Atrial flutter is due to electrical impulse re-entry into the atria, often giving an atrial rate of 250–350 beats/min with a ventricular rate of 150 beats/min. It is usually associated with varying degrees of AV block, manifesting 2:1–4:1 AV conduction. The rapid P waves create a classic saw tooth appearance on ECG (best seen in leads II, III, aVF, and V1) and are called flutter waves (F waves). Normal T waves are lost in F waves. Atrial flutter often occurs in association with other arrhythmias such as AF. It usually signifies the presence of underlying severe heart disease and exacerbation of a chronic condition such as pulmonary disease, thyrotoxicosis, or after cardiac surgery. In many instances, treatment of the underlying disease process restores sinus rhythm. Intraoperative management of atrial flutter depends on the hemodynamic stability of the patient. Synchronized cardioversion using a low energy current (50–100 J) is the treatment of choice if the hemodynamic deterioration is present. If vital signs are stable, intravenous amiodarone, diltiazem or verapamil may convert the flutter to normal sinus rhythm. Atrial fibrillation (AF)

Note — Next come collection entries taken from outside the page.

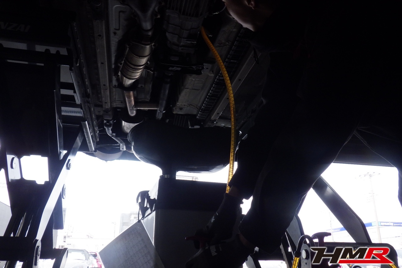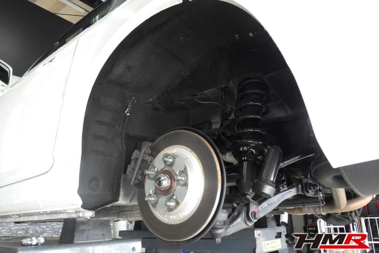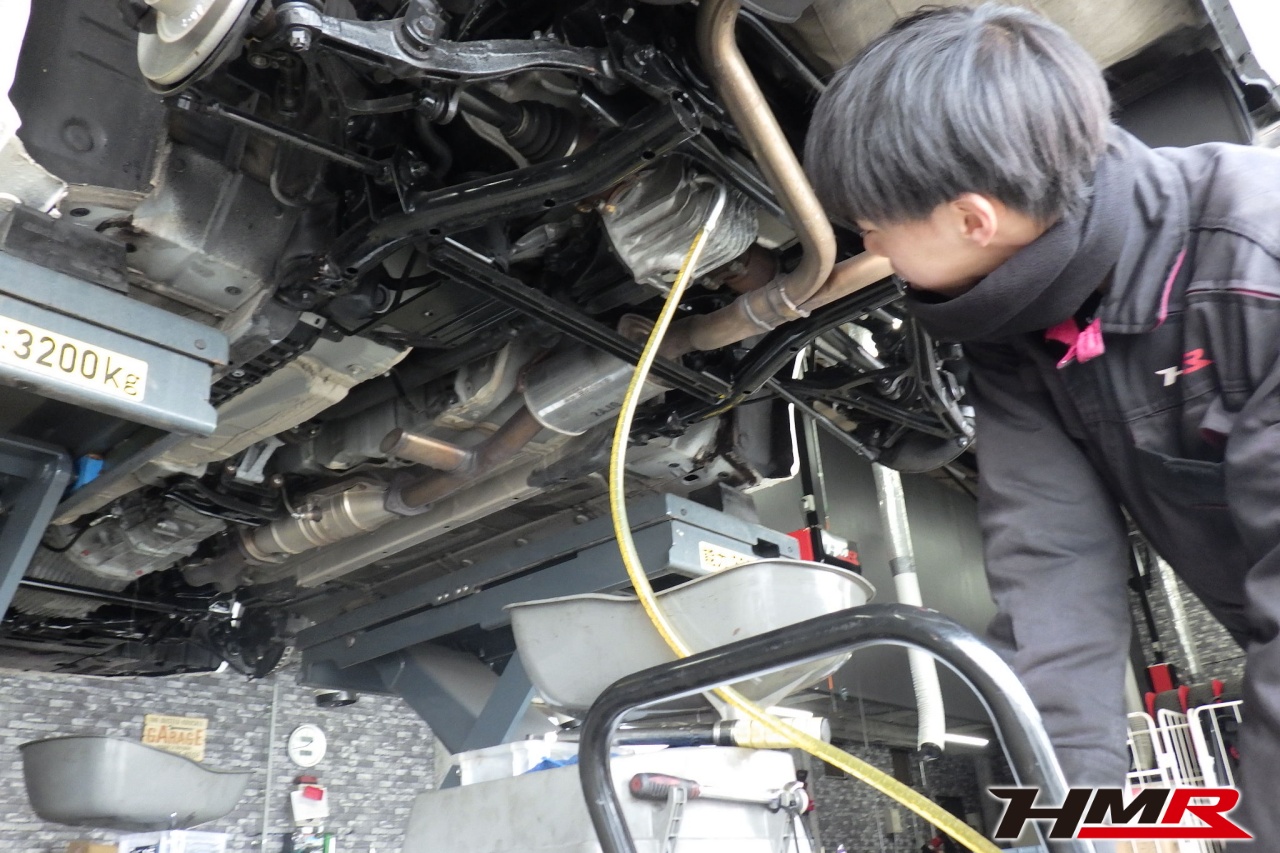 ハブベアリング・ボールジョイント、アーム・リンク類のガタ、ブッシュ・ブーツ類の劣化、エンジン・ミッション・デフからのオイル漏れと各マウント類、タイヤ溝の残量、空気圧の点検を行いました。リア左右スタビリンクブーツが切れていましたので交換しました。
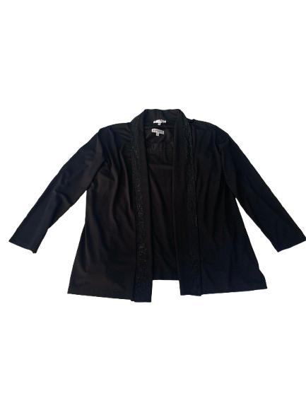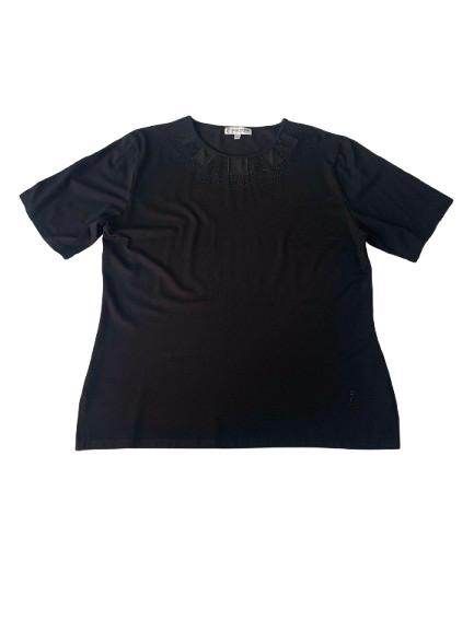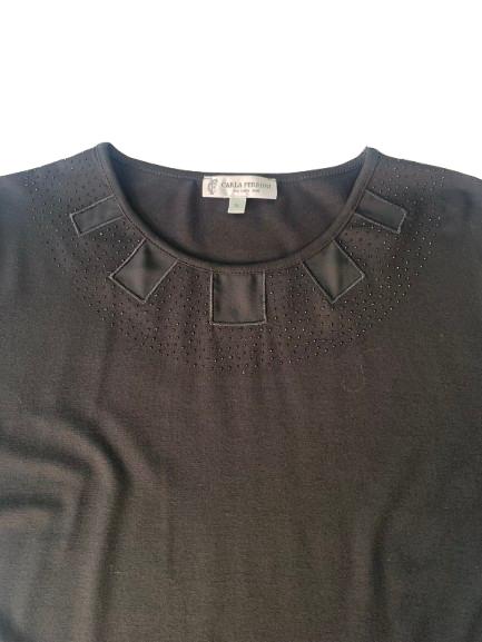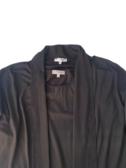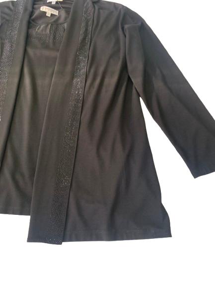Twin-set donna Carla Ferroni in viscosa con mezza manica con trasparenze e strass sul collo a giro e giacca con collo sciallato con strass lungo il collo manica lunga linea comoda
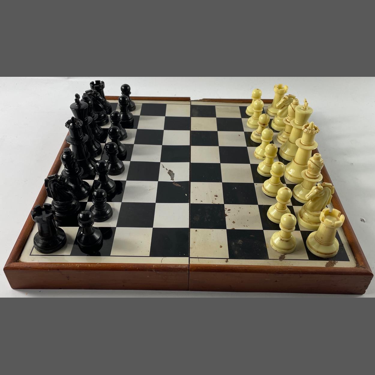 COMPLETE CHESS SET in a wooden box. Backgammon board inside. 38 x 36cm approx. Slight chip from one corner of box.
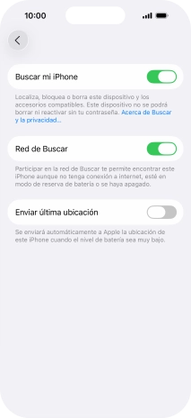 Pulsa el indicador junto a "Buscar mi iPhone" para activar la función.
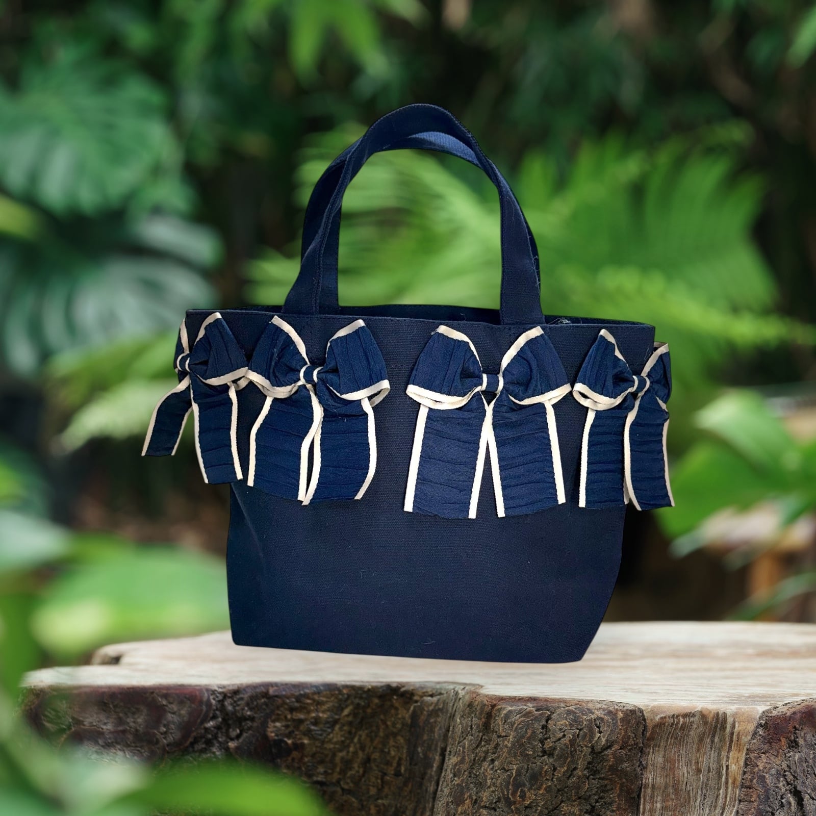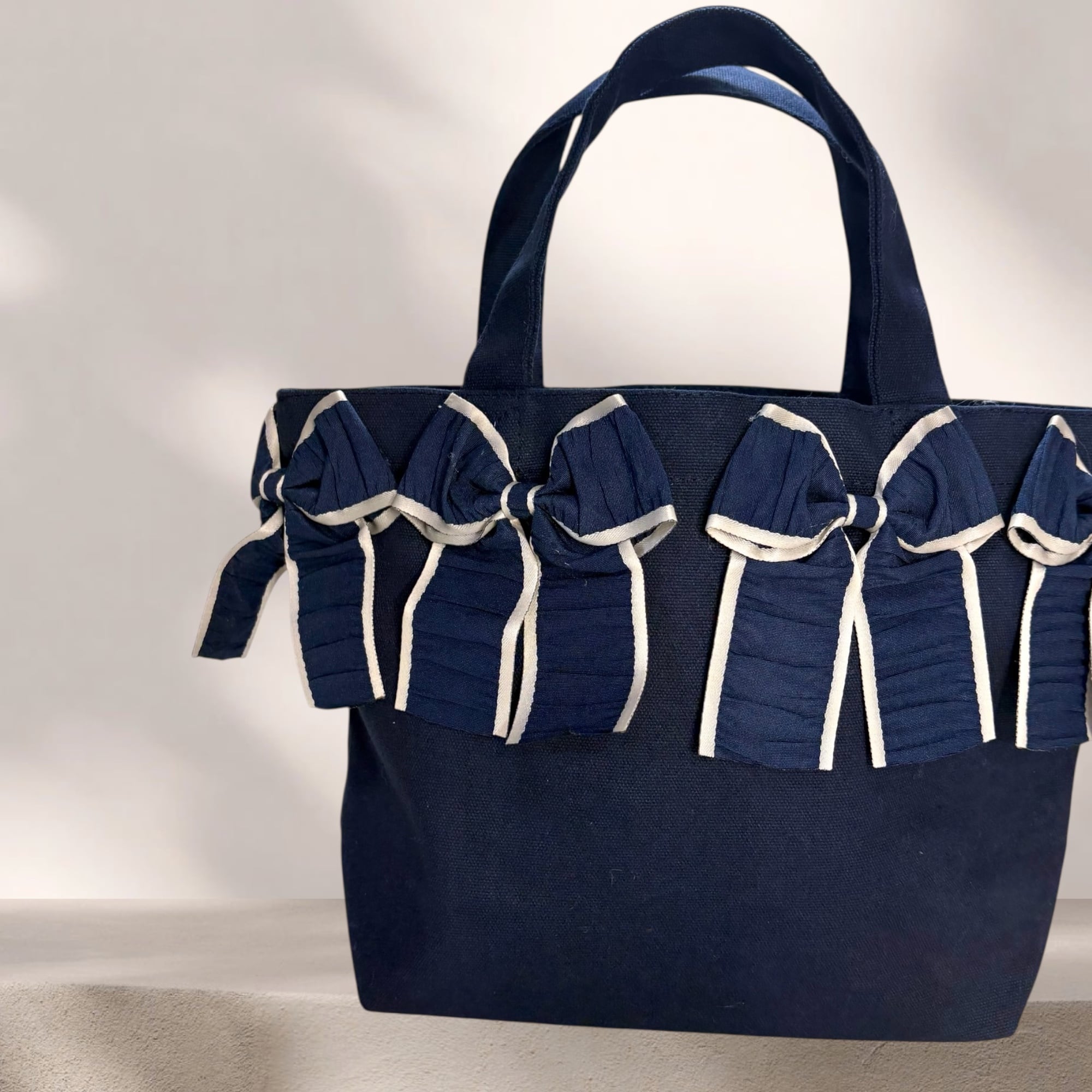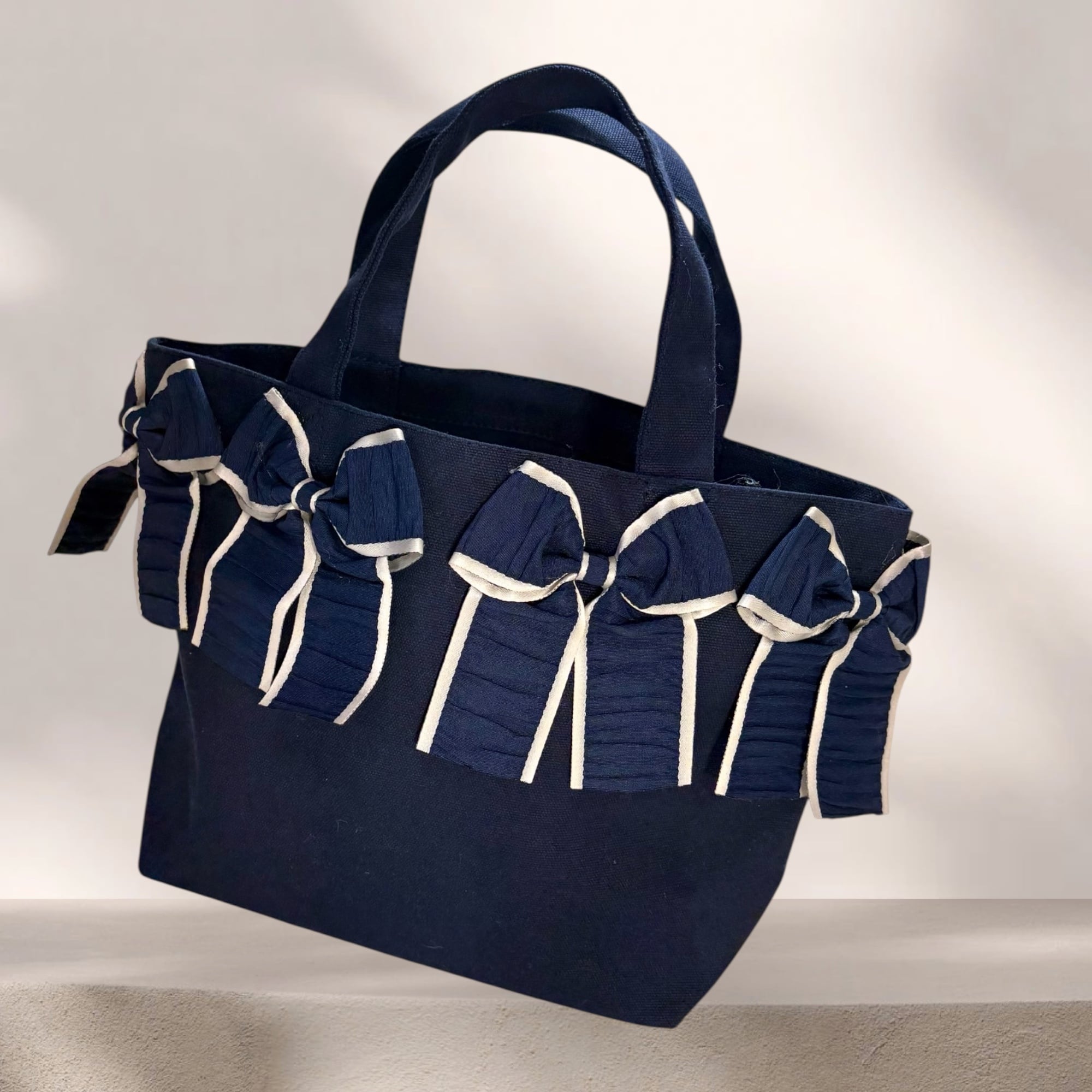 バッグ:ネイビー/リボン:ネイビー×グレージュ

AF is much commoner than an atrial flutter, and is one of the most common of all arrhythmias, especially in the elderly population [20, 22]. It accounts for more than 90% of supraventricular arrhythmia in the perioperative setting. AF has an irregularly irregular rhythm. The absence of P waves and variable QRS complexes on ECG is diagnostic of AF. AF is due to excessively rapid and disorganized atrial electrical activation without effective atrial contraction at a higher ventricular rate. The loss of atrial contraction may lead to a decrease in cardiac output and blood pressure that is often hemodynamically clinically significant. Other complications of AF include heart failure, pulmonary and systemic thromboembolism, and a significant risk of cerebrovascular events. Patients with ischemic heart disease, rheumatic heart disease, hypertension, thyrotoxicosis, and pneumonia are more prone to develop AF. The immediate intraoperative management of AF should begin with an assessment of hemodynamic status and correction of precipitating factors. The onset of AF or faster rates of chronic AF during the intraoperative period may be precipitated by acid-base and electrolyte abnormalities, hypovolemia, myocardial ischemia, sepsis, and surgical manipulation in the thoracic cavity. The goal of management is directed towards the control of ventricular response rate with pharmacological agents that slow AV node conduction. IV β-blockers or calcium channel blockers produce rapid control of rate. In the acute setting, the usefulness of digoxin is limited due to slow onset and low efficacy in high adrenergic states such as surgery. Amiodarone is a good choice for rate and rhythm control in patients with AF in the operating room. This agent also suppresses atrial ectopy and thus, recurrent AF and improves the success rate of electrical cardioversion. In cardiovascular compromised patients, synchronized DC cardioversion at 100–200 J (biphasic) is the most reliable method of converting AF to sinus rhythm. However, it should not be used in AF of more than 48-h duration without at least 3 weeks of anticoagulation, attempts to restore sinus rhythm may increase the risk of atrial blood clot formation and systemic thromboembolism.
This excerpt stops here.